(Dataset records)
▼

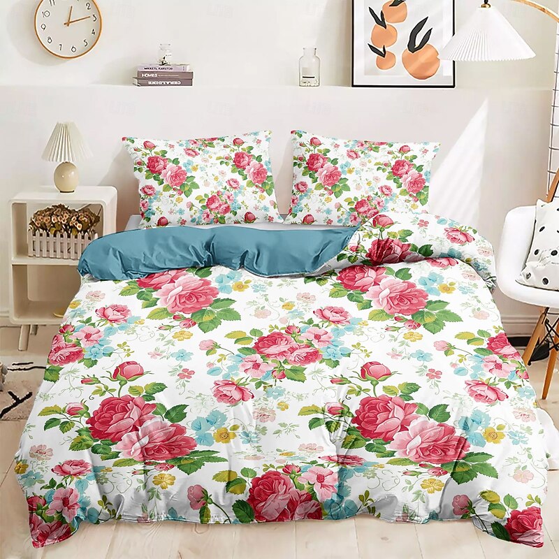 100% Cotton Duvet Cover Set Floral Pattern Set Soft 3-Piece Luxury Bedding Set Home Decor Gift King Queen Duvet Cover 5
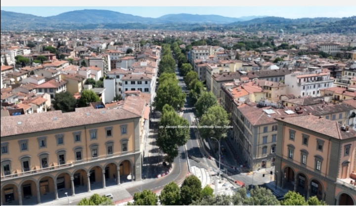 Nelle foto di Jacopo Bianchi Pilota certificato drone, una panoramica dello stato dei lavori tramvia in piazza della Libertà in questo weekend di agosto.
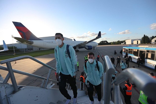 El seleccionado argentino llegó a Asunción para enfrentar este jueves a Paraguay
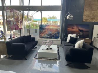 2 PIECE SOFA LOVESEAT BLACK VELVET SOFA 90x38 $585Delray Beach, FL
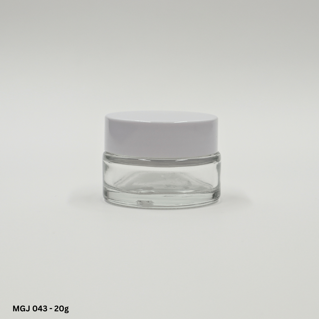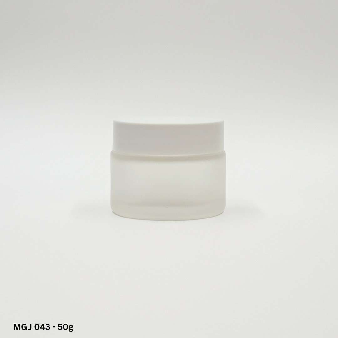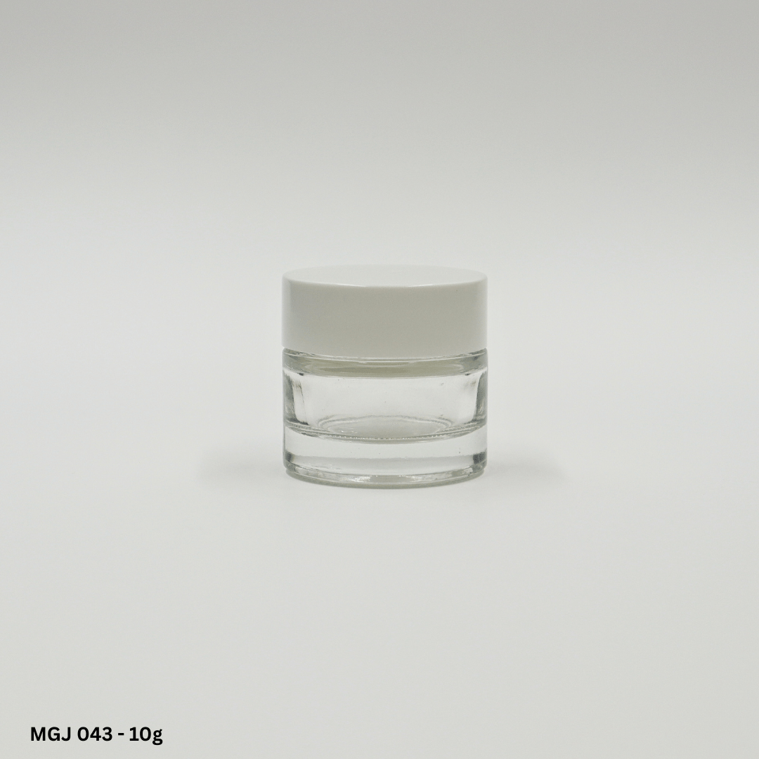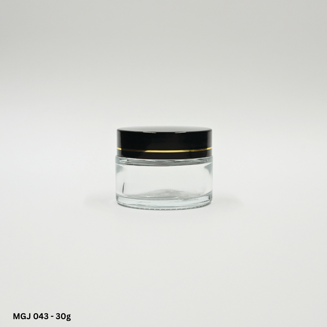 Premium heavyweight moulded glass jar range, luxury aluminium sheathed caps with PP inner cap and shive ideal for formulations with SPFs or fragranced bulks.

▲

**REQUIREMENT:** Leave out the pictures, then return every line of the data exactly.

**TASK ANSWER:**
 100% Cotton Duvet Cover Set Floral Pattern Set Soft 3-Piece Luxury Bedding Set Home Decor Gift King Queen Duvet Cover 5
 Nelle foto di Jacopo Bianchi Pilota certificato drone, una panoramica dello stato dei lavori tramvia in piazza della Libertà in questo weekend di agosto.
 El seleccionado argentino llegó a Asunción para enfrentar este jueves a Paraguay
 2 PIECE SOFA LOVESEAT BLACK VELVET SOFA 90x38 $585Delray Beach, FL
 Premium heavyweight moulded glass jar range, luxury aluminium sheathed caps with PP inner cap and shive ideal for formulations with SPFs or fragranced bulks.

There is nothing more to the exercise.